On Jan 27, 9:29*am, John Cochrane
wrote:
*The US representative to
the Club class will have never finished higher than 7th in a US
Nationals and that was six years ago. *Are we really sending our best
pilots or should we be investing in improving or pilots to be able to
do better internationally?


I agree we need fewer classes. However, the above is due to the US
curiously shoot-self-in-foot pilot selection policy, not due to the
IGC creating too many classes. US club pilots may not have
participated in an FAI worlds, and must qualify in a "club" glider,
ruling out over 1/2 of the sports class entrants.
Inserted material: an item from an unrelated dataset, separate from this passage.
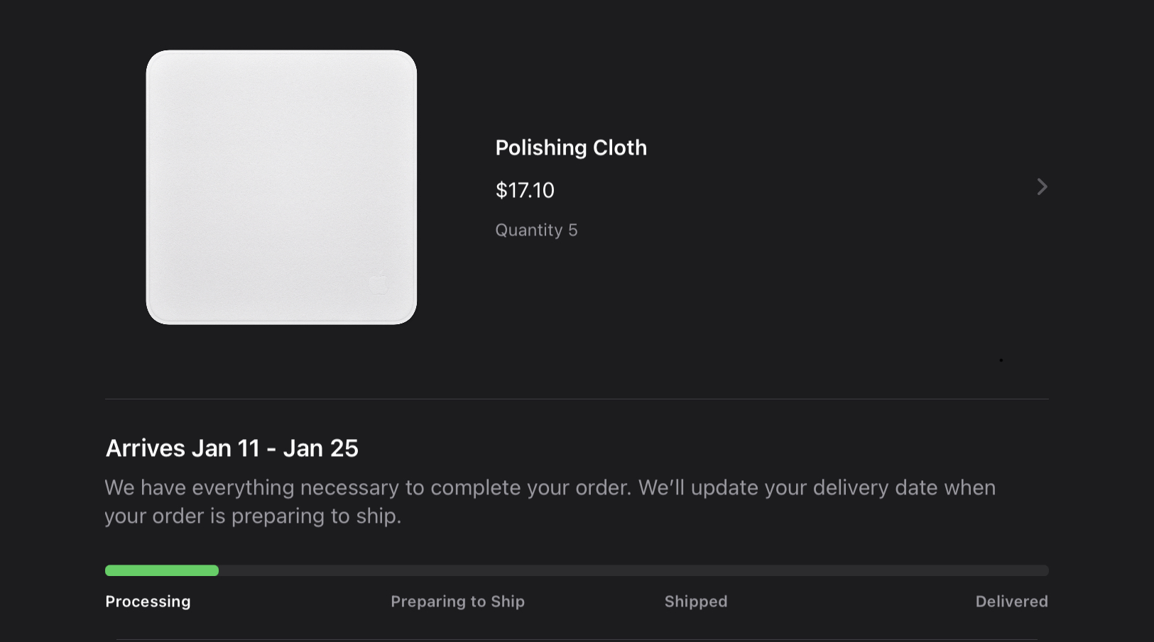 Ahhh, such an expensive year for you too. Haha, why not 😂 it doesn’t hurt to add 5 cloths into the cartWait! What? My purchases this year: 11” iPad Pro 2020, Apple TV 4K, iPhone 13PM, Apple Watch (and bands galore), MacBook Pro 14”. After all that avalanche of $$$$, I need to buy 5 (FIVE) cloths too????

The UK will send to
the club worlds....Andy Davis and G Dale. (The equivalent in the US
of, say, Karl Striedieck and Gary Ittner.) Good luck US, we're going
to need it!

John Cochrane


Handicapped comps in old gliders -- however much fun at the local
level -- have never made any sense to me at the World's. We know
handicaps are imperfect. We know the imperfections become more
significant as the pilots get better. I've seen with my own eyes how
the competition that's fun for tyros turns into a blowout when a good
pilot turns up with a ringer. Club class has fewer embedded problems
here than the US Sports class, largely due to accepting a narrower
performance range of gliders... but the motivations for Club or Sports
that are so compelling at the regional level simply aren't relevant at
a World comp.

Take Andy, G, Karl and Gary for instance. Does putting Andy in an
LS-1, G in a 20, Karl in an ASW-15 and Gary in a Mosquito really add
anything over watching them slug it out in modern 15m (or 18m, or
standard) class ships? It's quaint and amusing sure, but if you're
asking for my donation to support the team, I'd much rather see them
in a non-handicapped class.

The selection process we use for the US Club class team is a separate
issue and makes one wonder what's in our water supply.